§ Dataset extract

═══

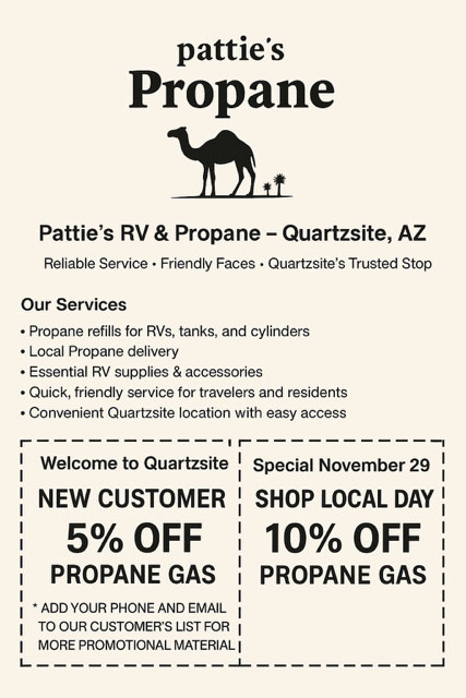 Pattie’s RV Park and Propane is a local propane provider in Quartzsite, Arizona. We provide propane pickup and delivery services to the Quartzsite residential and snowbird populations. Our current propane price, tank exchange, and tank buyback information can be found on our Propane Page.
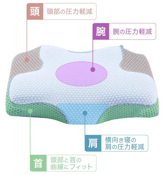 頭・首・肩・腕をそれぞれ独立して支える構造を採用し、寝返り時も頭部が安定しやすく、自然な寝姿勢をキープします。
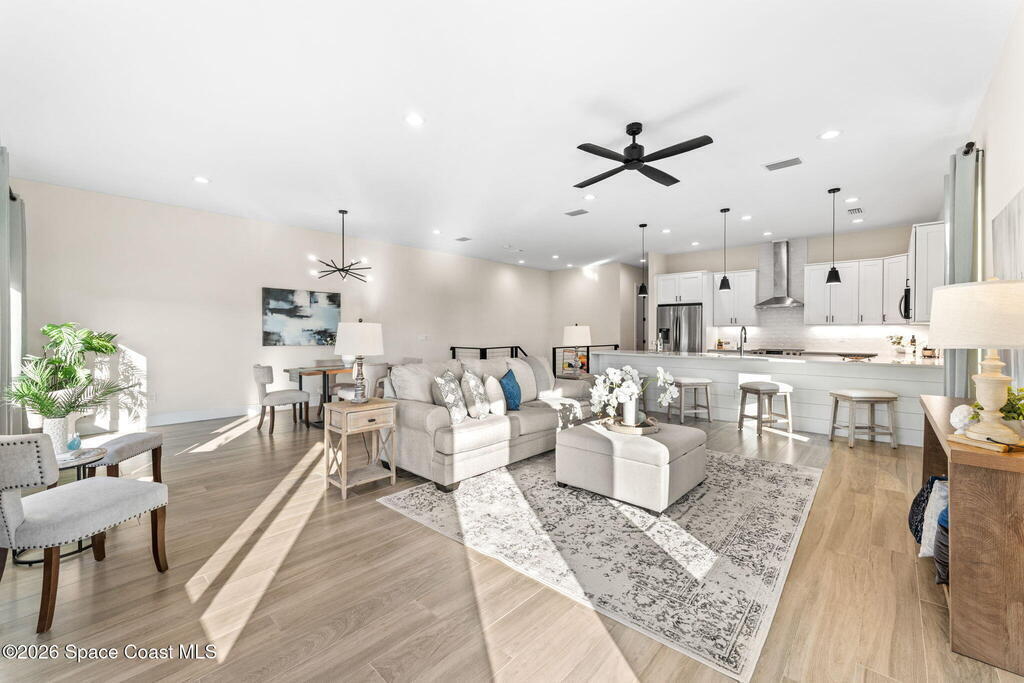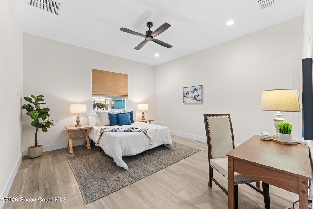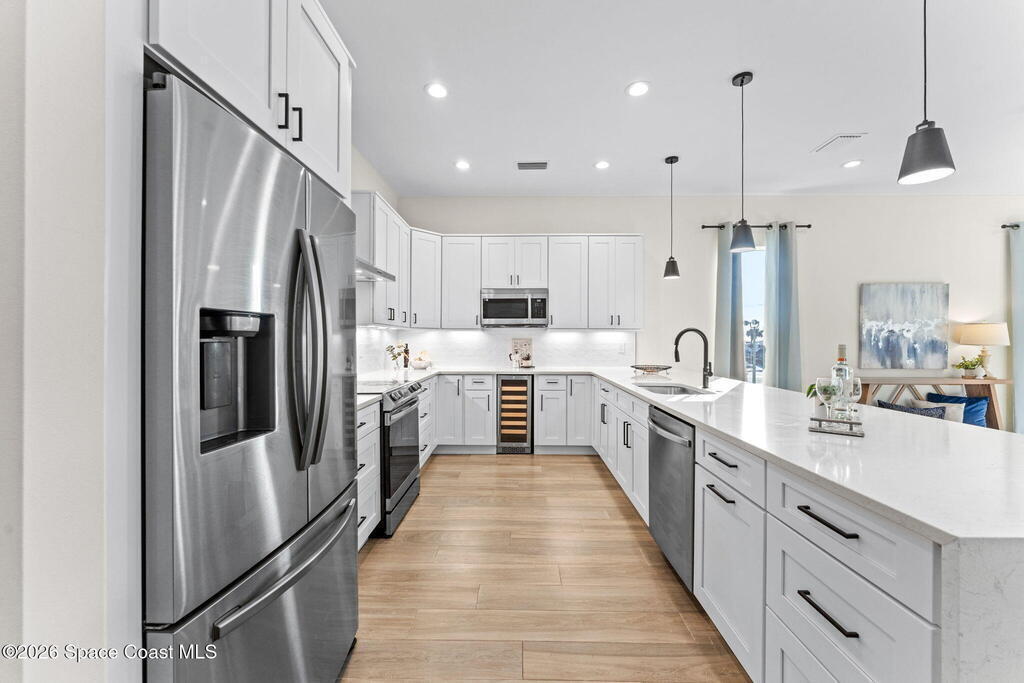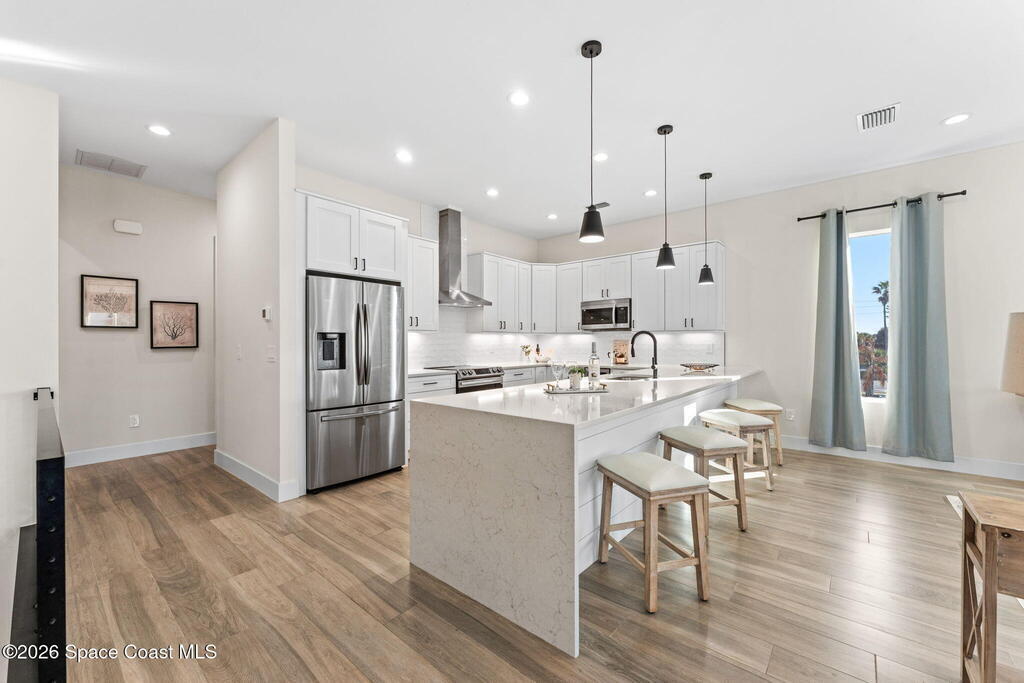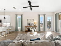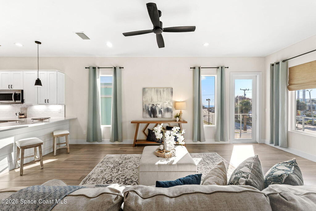 Wake up to ocean breezes and unwind with sunset views from your wraparound balcony in this beachside stunner just moments from the sand. This 3 bedroom, 2.5 bath home delivers an airy open floorplan with split bedrooms and sleek tile flowing throughout. The kitchen is designed to impress with crisp white quartz countertops, a bar refrigerator/wine cooler, and effortless flow for entertaining. Impact windows, a smart thermostat, and an upgraded smart garage bring peace of mind and modern convenience. Step outside to a private courtyard retreat featuring custom pavers and professionally installed artificial turf with bubble sprinklers for easy care and year-round beauty. Inside, custom luxury drapes and shades elevate every space. All just minutes from beach access, great dining, markets, and shopping. A rare blend of style, comfort, and location that truly stands out.
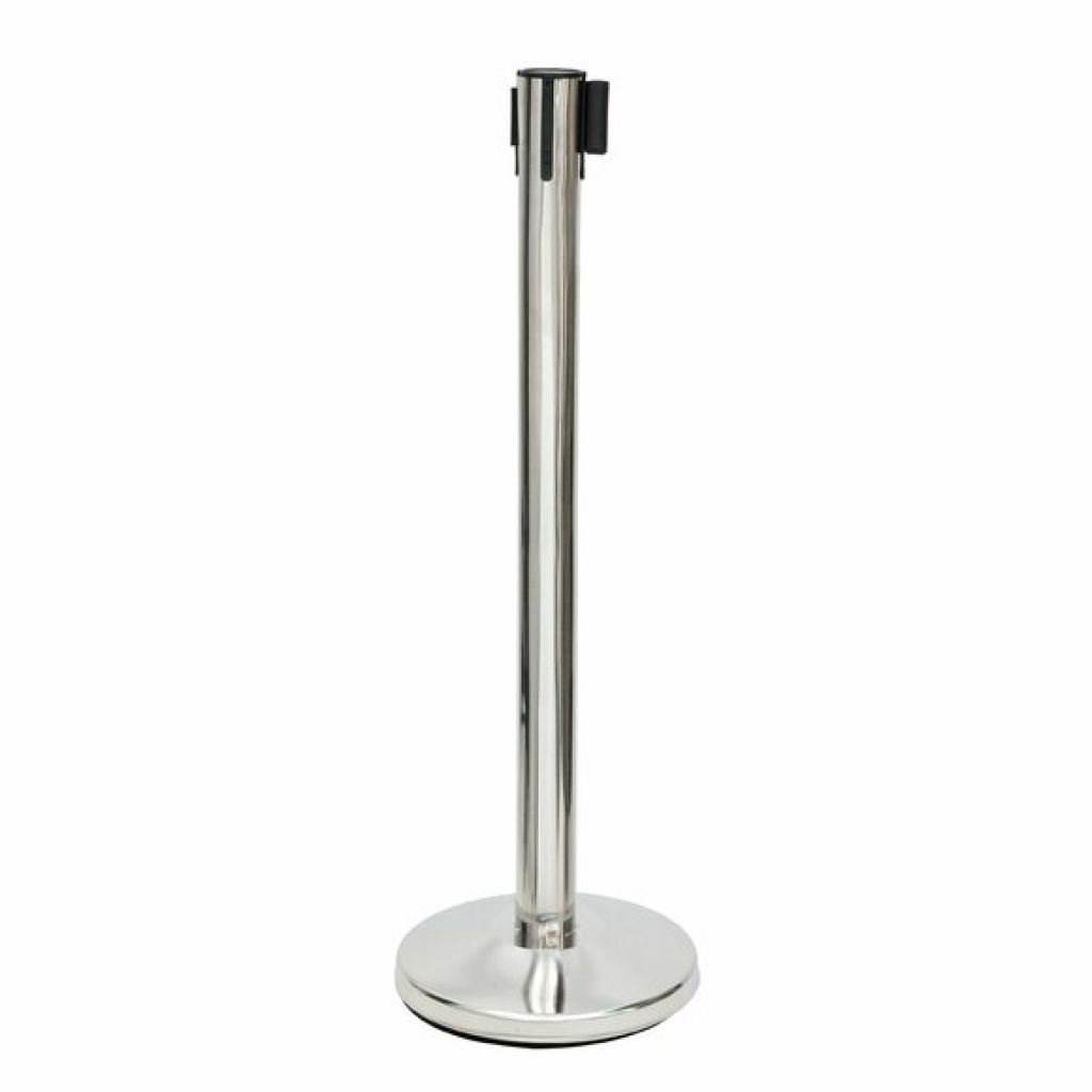 Stalp de ghidare si delimitare, argintiu, cu banda retractabila, neagra, 3 metri

═══

When you copy the lines above, drop the pictures and keep everything else exact.

§ Exercise result
 Pattie’s RV Park and Propane is a local propane provider in Quartzsite, Arizona. We provide propane pickup and delivery services to the Quartzsite residential and snowbird populations. Our current propane price, tank exchange, and tank buyback information can be found on our Propane Page.
 頭・首・肩・腕をそれぞれ独立して支える構造を採用し、寝返り時も頭部が安定しやすく、自然な寝姿勢をキープします。
 Wake up to ocean breezes and unwind with sunset views from your wraparound balcony in this beachside stunner just moments from the sand. This 3 bedroom, 2.5 bath home delivers an airy open floorplan with split bedrooms and sleek tile flowing throughout. The kitchen is designed to impress with crisp white quartz countertops, a bar refrigerator/wine cooler, and effortless flow for entertaining. Impact windows, a smart thermostat, and an upgraded smart garage bring peace of mind and modern convenience. Step outside to a private courtyard retreat featuring custom pavers and professionally installed artificial turf with bubble sprinklers for easy care and year-round beauty. Inside, custom luxury drapes and shades elevate every space. All just minutes from beach access, great dining, markets, and shopping. A rare blend of style, comfort, and location that truly stands out.
 Stalp de ghidare si delimitare, argintiu, cu banda retractabila, neagra, 3 metri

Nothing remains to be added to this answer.